This refinement of the list of XPaths considered in calculating
representativeness scores according to the embodiments of the
passive sampling technique ensures that the representativeness
score of a document is not boosted based on the presence of
uninteresting attributes in the document.
[0057] In yet another embodiment of the invention, interesting
spatial regions of an annotated document can be identified based on
the location of the annotations on the document. For example,
annotated page 700 is delineated into spatial regions by an
automatic region identifier, as shown on page 900 of FIG. 9,
including spatial regions 901-903. For another example, annotated
page 700 is delineated into spatial regions by a human.

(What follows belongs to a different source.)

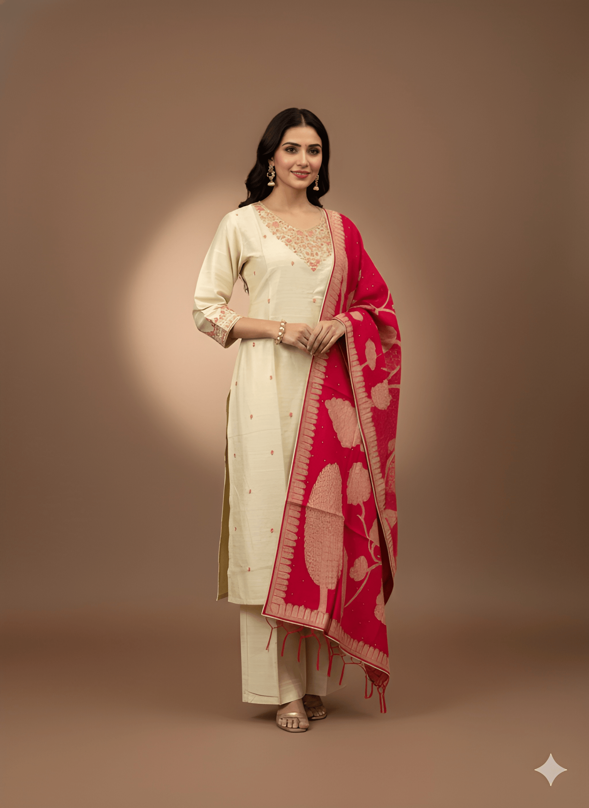 Ivory Round V Neck Viscose Kurta Set with Dupatta
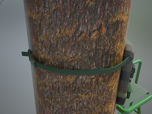 This clever new invention adapts easily to any tree to increase security and convenience during hunting. It forms a safe and stable anchoring point for the hunter, yet is easily attached and removed. Also, the provided back cushion provides ultimate comfort while hunting. The use of the Hunters' Apron provides tree stand-using hunters a safe and accessible method of storing their supplies.

It will be
apparent to those of skill in the art that the details of how
regions are identified on a page and the exact regions identified
may be varied and still be within the scope of the embodiments of
this invention. In page 900, annotations are found in region 902,
and not in regions 901 and 903. Therefore, region 902 is identified
as interesting and regions 901 and 903 are identified as
uninteresting.
[0058] In this embodiment of the invention, active sampling
recalculates the representativeness score of each of the
unannotated documents in the subject site using the information on
interesting spatial regions. Specifically, each document of the set
of documents in the subject site that has not yet been annotated is
evaluated to identify the spatial regions in the document. If the
document, i.e., page 1000 of FIG. 10, contains a spatial region,
i.e., region 1002, corresponding to the interesting spatial region
of an annotated document, i.e., region 902 of page 900 in FIG. 9,
then the representativeness score of page 1000 is based on the
XPaths found in interesting spatial region 1002 only. Therefore, in
this embodiment of the invention, computation of the
representativeness score of each document in Y.sub.a, as
illustrated in step 1302 of FIG. 13, is based on those XPaths found
in spatial regions of the document that are identified as
interesting.
[0059] If a document, i.e., page 1100 of FIG. 11, does not contain
spatial regions corresponding to the identified interesting spatial
regions, e.g., because the document has structural variations that
prevent the identification of such regions, then all of the XPaths
in the document will be considered when calculating the
representativeness score of the document. Page 1100 has regions
1101-1108, none of which resemble region 902 of page 900. Thus, in
this embodiment of the invention, all of the XPaths occurring in
page 1100 would be considered when calculating the
representativeness score of page 1100, because page 1100 has a
different structure than the structure of annotated page 900. After
annotating a page such as page 1100, that has a different structure
than previously annotated pages, the newly annotated page may
identify a different interesting spatial region than the region
identified in connection with annotated page 900. In this case,
both identified interesting spatial regions are considered in
assigning a representativeness score to the unannotated pages of
the subject site.
[0060] In one embodiment of the invention, a spatial region in an
unannotated document is identified as corresponding to an
interesting spatial region of an annotated document through the use
of Least Common Ancestor (LCA). In this embodiment of the
invention, the LCA of XPaths corresponding to annotated attributes
is computed. If the LCA of XPaths of the annotated attributes is
found in the unannotated document, then the XPaths corresponding to
the LCA in the unannotated document are considered to be in an
interesting spatial region. In another embodiment of the invention,
visual information about an annotated spatial region is gathered,
i.e., x- and y-coordinates, height, width, etc., and an unannotated
document is searched to determine if the document has a
corresponding spatial region based on the gathered visual
information and annotated XPaths.
[0061] Another embodiment of the invention identifies mandatory
attributes among the pages of a site and makes decisions of whether
to include a particular page in the list of sample pages to be
annotated based on the known mandatory attributes, as illustrated
by FIG. 12. In this embodiment, mandatory attributes are defined to
be all of the attributes that have been identified in each of the
pages that have been annotated for a site, step 1201. For example,
if only one page has been annotated, and the attributes title,
description, image, and price were found in the page, then title,
description, image, and price are the mandatory attributes for the
site because these attributes have been in all (one) of the pages
that have been annotated. If another page is then annotated and has
the attributes title, description, and price, but not image, then
the mandatory attributes of the site are revised to be title,
description, and price, but not image. The image attribute is
removed from the list of mandatory attributes because image is not
found in all of the annotated pages in the site.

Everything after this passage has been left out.